The Stillwater Hobos

Every once in while (okay, much more often than that), I wish I could drop everything and be a folk musician. Sadly, my hands are too small to manage a guitar properly, and though I've made some progress on the mandolin, my skills are elementary at best. I've played a banjo a little here and there, but don't feel justified in buying one till I make more progress with the instruments I have. And that, I believe, is unlikely to happen.

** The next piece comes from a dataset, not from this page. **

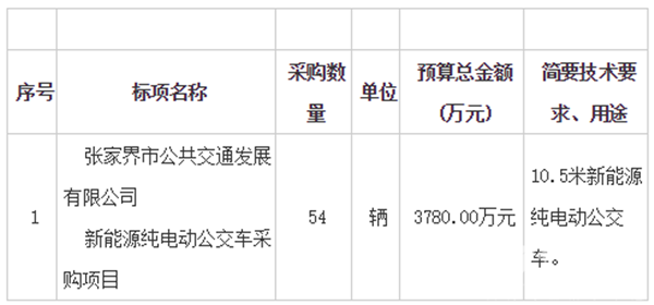 湖南省张家界公共交通发展有限公司纯电动公交车采购项目招标公告
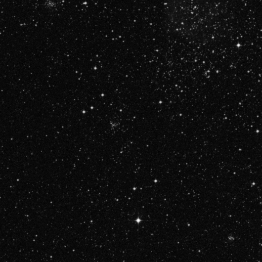 Is a very small cluster about 30" across and appearing comet like at high magnification. The cluster has a fairly high surface brightness, with a bright nucleus. A star of 13

Why do I love it? It's the kind of music that moves you with the pathos that nothing else can, and gets your blood pumping and spirit laughing in a thoroughly excellent manner. Like I said in my very first blog post, much as I obviously love writing, music is the most unstoppable art form. And hell, it's so much fun.

Art credit: Nick Klein

Born out of the tradition of Friday Nights at the University of Dallas (the "let's have a fire in the woods and sing till the wee hours, recite poetry, imbibe and occasionally do some Irish step dancing" weekly occurrence), which itself was born out of folk traditions from Ireland, England, Australia and Appalachian America, a new folk group is just getting on it's feet. The Stillwater Hobos are really doing a great thing, writing some of their own music and lyrics, and covering great traditional pieces, with a combination of rich voices, cello, banjos, bodhrans, mandolins, guitars, fiddles and harmonicas. Take a look at their website, listen to some of their music, and consider supporting them. Help the tradition live on!

Their digital EP album is here.
Their website is here.

And, if you want to get in on their first full-length album, My Love, She's in America, being released this summer, go here.


  1. Hi Ellen,

    I saw your blog through a post through my friend Peter Bloch. I love the Stillwater Hobos too, and I really love your description of them.

    I'm so excited to read more of what you write!


    1. Thanks, Maura! As you can see from my latest post, I've been taking a little break from writing, but hopefully I'll get back on it soon. Tell Peter I said hello next time you see him; he was in my class at UD, and was one of my many and very much loved fellow English majors.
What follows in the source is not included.